When the gas is further fed into the flow path, the driving liquid 31 in the flow path 59 does not move from the vicinity of the chip connection portion 66 and the pump connection portion 64 as shown in FIG. 7C. .
In this way, if the micro pump unit 26 and the inspection chip 50 are detached in the state where the driving liquid 31 is not present in the vicinity of the chip connection part 66 and the pump connection part 64, liquid can be reliably prevented from leaking at the connection part. can do.

  Further, when the liquid recovery device connecting portion 49 is provided in the micro pump unit 26, as shown in FIG. 8A, the chip connecting portion 66 of the micro pump unit 26 and the pump connecting portion 64 of the inspection chip 50 are provided. Are connected to the blower connection portion 48 of the test chip 50.

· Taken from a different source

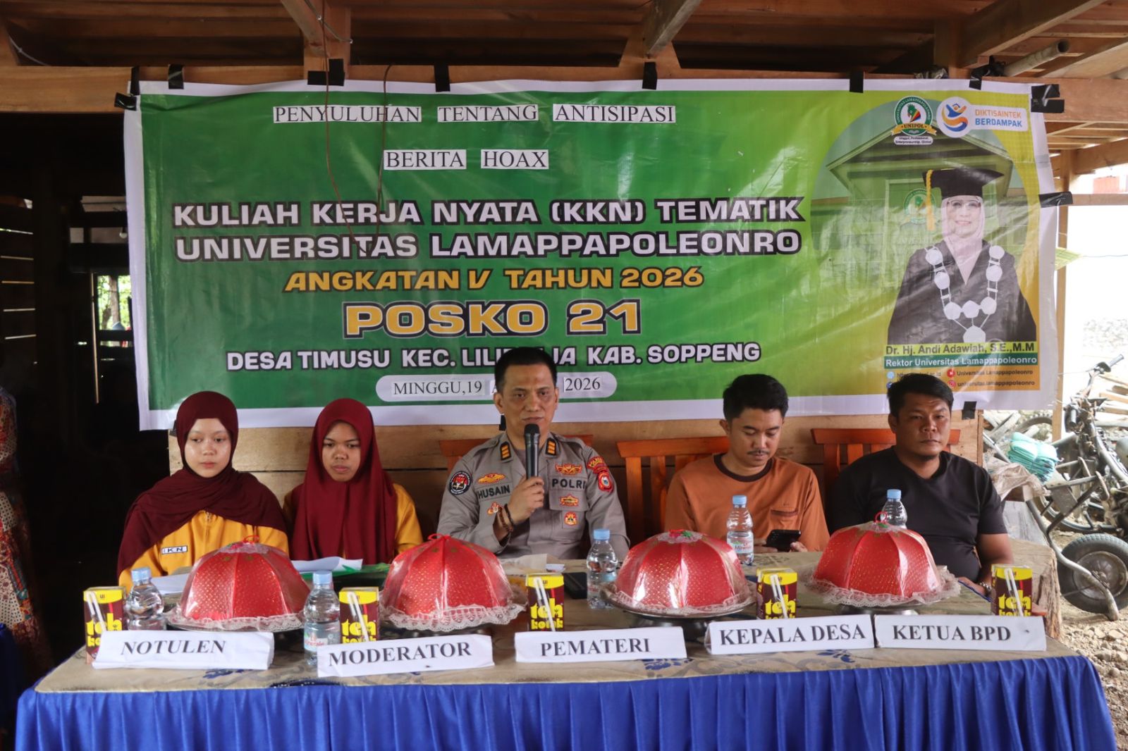 Kegiatan ini merupakan kolaborasi antara Polres Soppeng dan mahasiswa KKN Tematik Universitas Lamappapoleonro Posko XXI Desa Timusu, dengan menghadirkan masyarakat setempat sebagai peserta penyuluhan.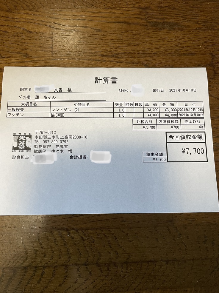 怪我の治療もひと段落したのでワクチン接種1回目も行いました。次回の受診は11月10日になります。そのときにワクチン接種2回目、マイクロチップ、避妊手術を行うため入院予定です。

Further, the liquid recovery apparatus 16 is connected to the liquid recovery apparatus connection portion 49 of the micropump unit 26.
In this state, when the gas is sent from the blower 32 into the flow path 20, the driving liquid 31 filled in the reagent container 60 is pushed upward by the gas 68 as shown in FIG. .

  When the gas is further fed into the flow path, the driving liquid 31 in the reagent container 60 is connected to the liquid recovery device connection part 49 in the vicinity of the chip connection part 66 and the pump connection part 64 as shown in FIG. Thus, the liquid is recovered in the liquid recovery device 16.

  Note that the type, amount, and temperature of the gas sent out by the blower 32 may be appropriately set in accordance with the driving liquid 31, the specimen or processing liquid contained in the test chip 50, the configuration of the system body, and the like.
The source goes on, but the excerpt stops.